O empresário José Rodrigues Fernandes, de 65 anos, e a esposa, adquiriram o terreno em 3 de junho de 2014 por meio de uma empresa que, à época, era responsável pela venda e pela infraestrutura do loteamento.

O g1 tentou contato tanto com a empresa quanto com o condomínio, mas não obteve retorno até a última atualização desta reportagem.

Em 2020, devido ao início da pandemia de Covid-19, Fernandes passou a ter dificuldade para pagar as prestações. À reportagem, ele contou que chegou a fazer contato com a empresa e apresentar uma proposta de quitação.

José comentou que ele e a esposa tinham a meta de construir uma casa dentro do condomínio, mas não conseguiram realizar o sonho por conta do período de isolamento social, que impactou nos rendimentos financeiros da família.

Segundo o empresário, foram feitas algumas tentativas de solucionar a situação de forma cordial com a empresa responsável pela venda do terreno.

Diante das dificuldades para conseguir reaver parte do valor investido e realizar a rescisão contratual, o casal procurou um advogado e recorreu ao Poder Judiciário.

Determinação Judicial

A ação judicial foi movida no dia 7 de abril de 2020 pelo advogado Yuri Crepaldi. À reportagem, ele explicou que a empresa alegou ser impossível devolver o dinheiro sem o pagamento de multas.

Em janeiro de 2021, foi proferida uma sentença determinando a devolução de 80% de todo o valor pago pelo casal. Depois disso, a empresa apresentou recursos que fizeram o processo tramitar no Tribunal de Justiça de São Paulo (TJSP) e no Superior Tribunal de Justiça (STJ). Nos dois casos, os recursos foram rejeitados.

Ainda conforme Yuri, desde então, o processo se arrasta sem que a família receba o dinheiro, pois a Justiça não consegue localizar bens em nome da empresa.

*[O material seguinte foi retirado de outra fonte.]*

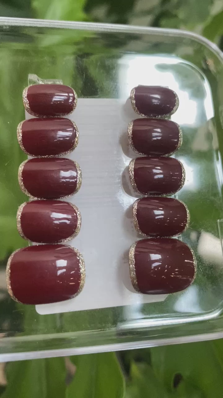 This set features a deep red burgundy base with a rich, glossy finish that catches the light beautifully. Each nail is outlined with a thin gold chrome rim, adding a luxurious and elegant touch without overpowering the classic color. The combination of burgundy and metallic gold gives the set a sophisticated, high-end look perfect for both everyday wear and special occasions.

Em julho de 2025, o juiz Glariston Resende, do TJSP, determinou a apreensão de bens da empresa para o pagamento da dívida ao casal, mas não foi possível.

“Não foi possível localizar nada no nome deles [empresa], o que é um forte indício de ocultação patrimonial. O arresto de bens é uma medida processual muito extrema. Isso ocorre quando a empresa realmente não está tendo nada para penhorar. Para nós, foi uma decisão muito significativa, apesar do desfecho negativo até agora”, finaliza Crepaldi.